To look to the heavens, the SOFIA observatory takes to the skies.

Whereas telescope builders trying to give astronomers a clear look at the skies generally seek out arid mountaintops, where atmospheric distortion is minimal, a new telescope mounted on the side of a Boeing 747 does them one better. The 2.5-meter telescope built by NASA and the German Aerospace Center can climb as high as 13,700 meters to escape the atmosphere’s deleterious effects. Those altitudes allow the Stratospheric Observatory for Infrared Astronomy, or SOFIA, to rise above more than 99 percent of the atmosphere's distorting water vapor. As it traverses the skies, SOFIA stays fixed on a target with the help of stabilizing, fiber-optic gyroscopes.

The observatory first took flight in 2010, and now science from those early observing runs has entered peer-reviewed literature. The Astrophysical Journal Letters has published a special April 20 issue that includes eight studies presenting SOFIA's early science. Among them is a new look at Messier 82 (M82), a galaxy 12 million light-years away in the constellation Ursa Major.

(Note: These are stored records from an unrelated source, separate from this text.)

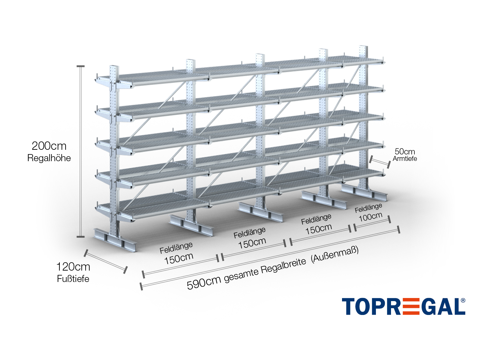 5,9 m cantilever rack KR3000 / Hot-dip galvanised / Double-sided / 2 m high / 50 cm cantilever depth / 5 levels / rack layer Galvanised mesh
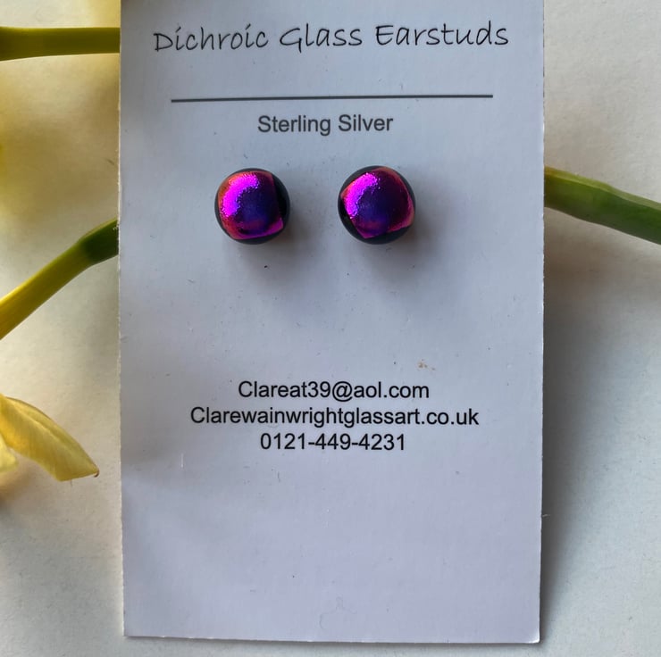 A beautiful pair of fused glass earrings. They have been made using a gorgeous pinky purple dichroic glass which has a different transmitted and reflected colour giving a gorgeous effect when looked at from different angles .
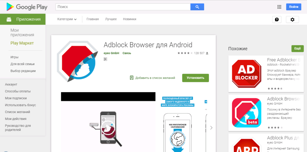 – очищает сайты от назойливого контента. Допускается установка на планшеты и
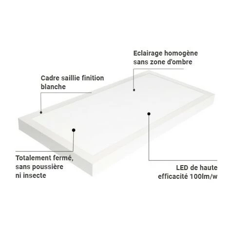 dalle led encastré ultra-fin de 120×60 cm et 72W de puissance, avec kit en saillie inclus. Conception mince, haute intensité lumineuse de 6100 lumens. Parfait pour une installation dans les plafonds avec des plaques amovibles, en remplacement des anciens luminaires à 4 tubes de 120 cm. Kit en saillie inclus, avec tous les accessoires pour une installation facile et rapide. Faible UGR19. Dimensions 1195×595 mm. Drivers LIFUD de haute qualité. Angle d’ouverture de 160 degrès.
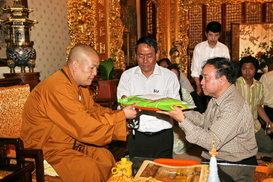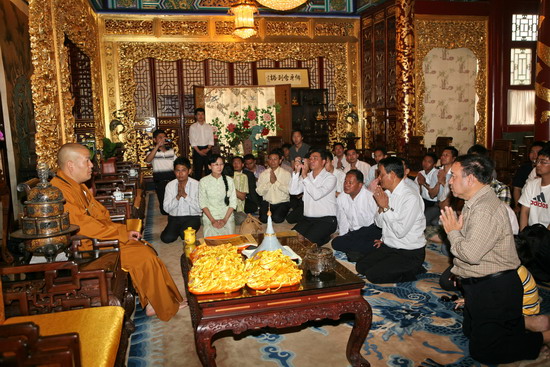 缅甸驻华武官带领缅甸在中国的留学生100余人前来灵光寺参拜佛牙舍利。灵光寺方丈常藏大和尚热情接待了缅甸的留学生。
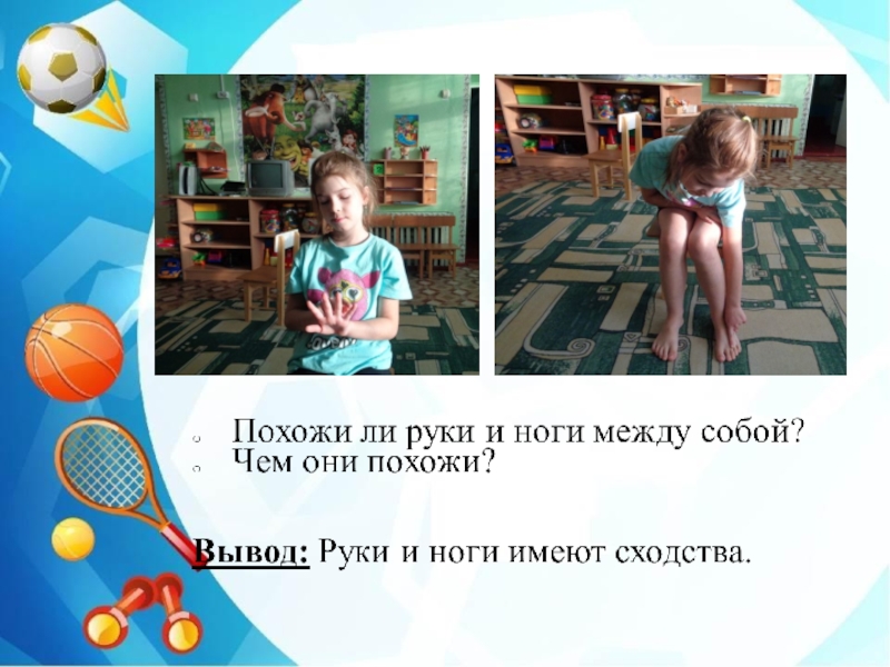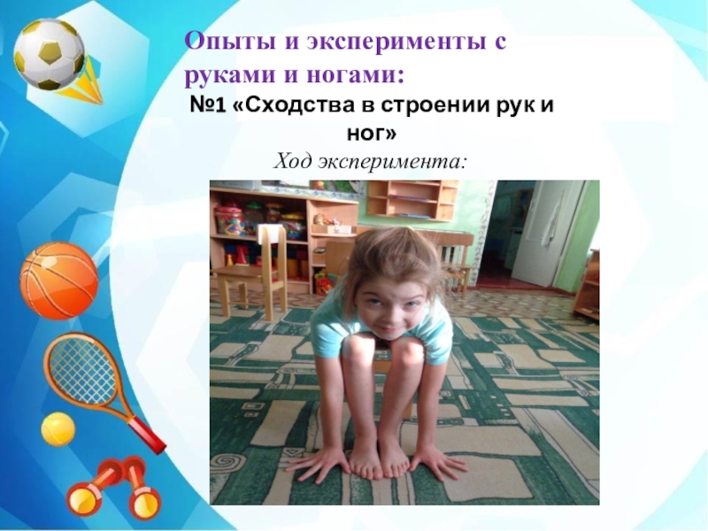 Слайд 8Опыты и эксперименты с руками и ногами:
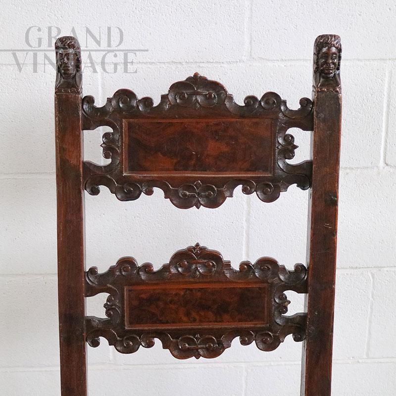 Sedia antica rinascimentale con schienale alto, realizzata in noce intagliato e decorata con due busti di donna nella parte superiore dello schienale, oltre a gigli e fogliame nei traversi.
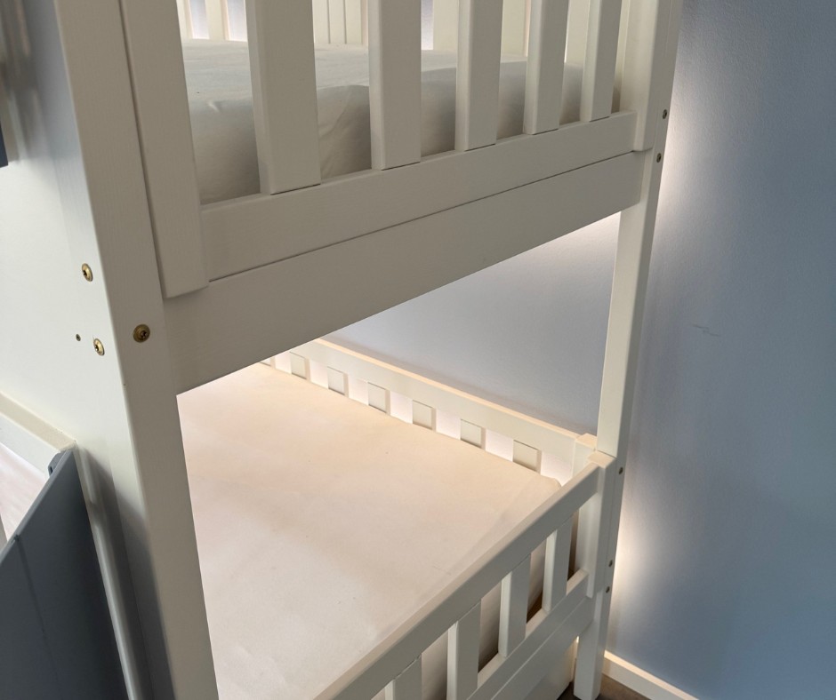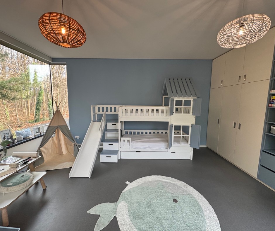 Als Sonderanfertigung lässt sich dieses Etagenbett perfekt an die räumlichen Gegebenheiten anpassen. Ob kleines Kinderzimmer oder großzügiger Raum – das Bett nutzt die Höhe optimal aus und schafft zusätzliche Fläche zum Spielen, Lernen oder Entspannen. Damit ist es nicht nur ein Schlafplatz, sondern ein funktionales Zentrum des Kinderzimmers.

The photo inset above shows M82 as it looks at a wavelength of 7.7 microns, in the mid-infrared. (A micron is one millionth of a meter.) M82 is a bright object in the infrared—it is currently undergoing a burst of star formation, initiated a few tens of millions of years ago by an encounter with a nearby galaxy. The star-forming cluster at the center of the galaxy appears to be ringed by gas, the position of which aligns roughly with the central bright spot in the image and with the secondary bright spot just to the left.